Local Injection Detection
Each legitimate sender can watch for impersonation of its own CAN IDs and can raise an alarm when an unexpected source transmits one of them. The mechanism turns every legitimate sender into a localized intrusion detector and is the lowest, non-cryptographic detective shell in the CAN defense-in-depth model. SR 3.1
How Local Injection Detection Works
The node maintains a list of CAN IDs it "owns" for transmission. Its CAN driver receives all frames on the bus (CAN transceivers see every frame) and checks each one against the owned-ID list. A match without a corresponding self-transmit is flagged as a suspected injection and where possible is forwarded to the Anomaly Event Monitoring for system-level correlation.

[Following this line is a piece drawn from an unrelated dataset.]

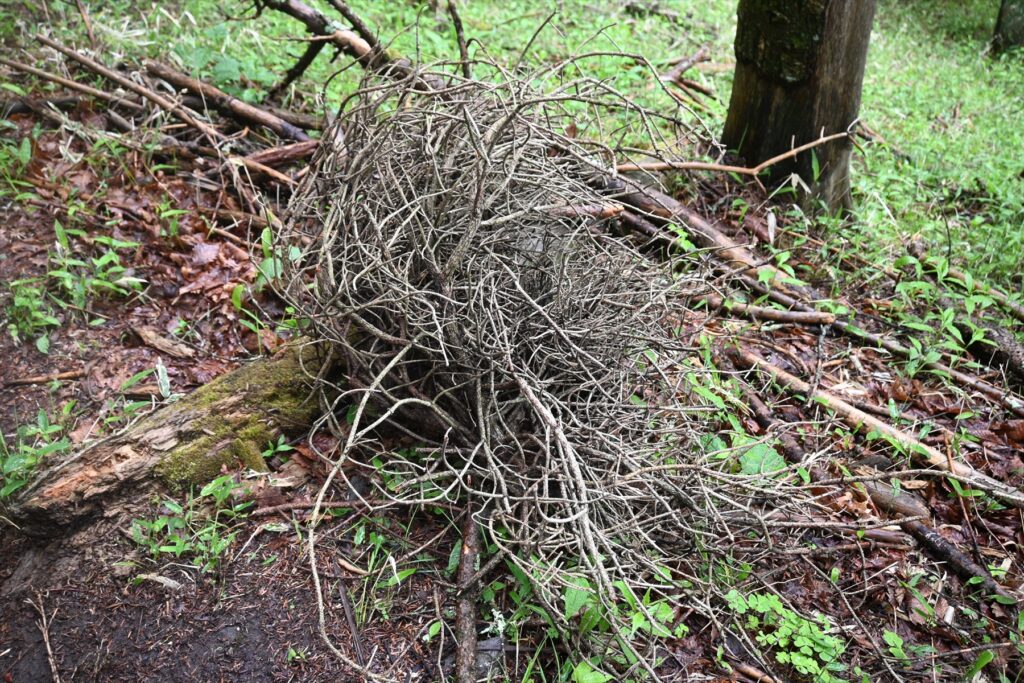 正体は枝の塊で、てんぐ巣病という菌による木の病気です。枝が重なっている様子が天狗の巣のようだということで

What It Detects and What It Misses
It detects: external nodes spoofing the legitimate sender's CAN IDs. It misses: spoofing of CAN IDs owned by another node (the listening node has no a priori knowledge of "who else owns what" beyond its own list); content-only manipulation (legitimate CAN ID, malicious payload, where only the sender knows); fast spoofing followed by quick rollback during a window when the legitimate sender does not happen to transmit.

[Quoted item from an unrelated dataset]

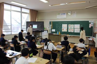 今日、川北中学校の栄養士の中尾先生においでいただき、3年生が食育授業を行いました。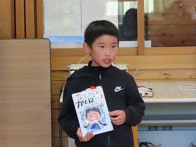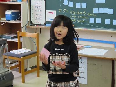 【感謝の気持ちを発表する1,2年生。】

Driver-Level Throughput Limiting
Pair local injection detection with driver-level transmission rate limiting on the legitimate sender. If a malicious node attempts to flood with the spoofed ID, the legitimate sender's driver can refuse to amplify the issue and the security event is captured cleanly. This is a building block for SL2 against bus-flooding attempts.

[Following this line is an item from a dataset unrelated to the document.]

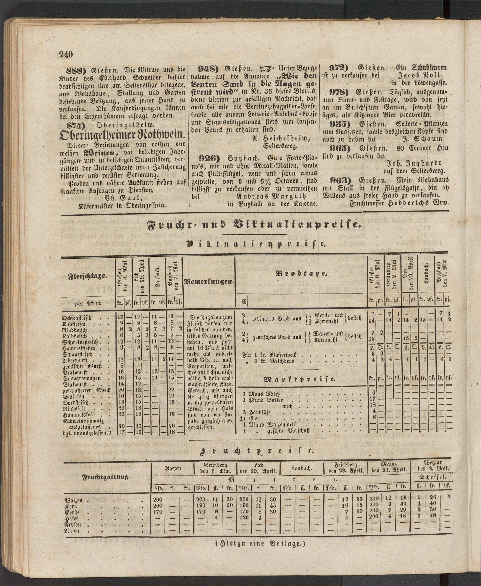 Anzeigeblatt für die Provinzialhauptstadt Gießen. 1840-1867

IEC 62443 SL2 for Local Node
For inject/replay against a node with local injection detection plus rate limiting, IEC 62443 SL2 is reachable for that node's own messaging. SL3 typically requires Frame Security (cryptographic authentication and confidentiality). SR 3.1 SR 7.x
Integration with Anomaly Event Monitoring
Local injection detection is most useful when its findings
are forwarded to Anomaly Event
Monitoring with an auditable log. Standalone, the
detection lives only in the legitimate sender; integrated, it
becomes part of the system's CRA-relevant
security posture. Although forwarding the information could be
executed via CAN, this might not work if the device detecting
and transmitting the information is already under attack. The
next best solution here is stopping transmission of a secure
heartbeat. The Anomaly Event Monitoring may interpret a lost
secure heartbeat as that device being under attack.
CANcrypt's
(and SPsec's) secure heartbeat implements this concept: sender
liveness with cryptographic protection.
What This Shell Does Not Catch
Local injection detection only detects injection of frames using the listening node's own CAN IDs. It cannot detect spoofing of a different node's IDs, content-only manipulation of legitimate frames, or fast spoof-and-rollback during a window when the legitimate sender is silent. It detects but does not prevent; the injected frame still reached every receiver before the alarm fires. Pair this shell with Anomaly Event Monitoring for cross-node correlation, and with Frame Security for true prevention.
Frequently Asked Questions
Can a CAN node detect when someone else uses its CAN ID?
Yes. A node listening to its own CAN ID can detect frames using that ID that it did not transmit. This is the basis of local injection detection, a non-cryptographic shell at the data-link / network layer. The detection is local and immediate; no central authority is needed.
Does local injection detection prevent or just detect frame injection?
It detects, not prevents. Detected events are surfaced to the security event log and to Anomaly Event Monitoring for correlation. Prevention requires Frame Security (CANcrypt or SPsec).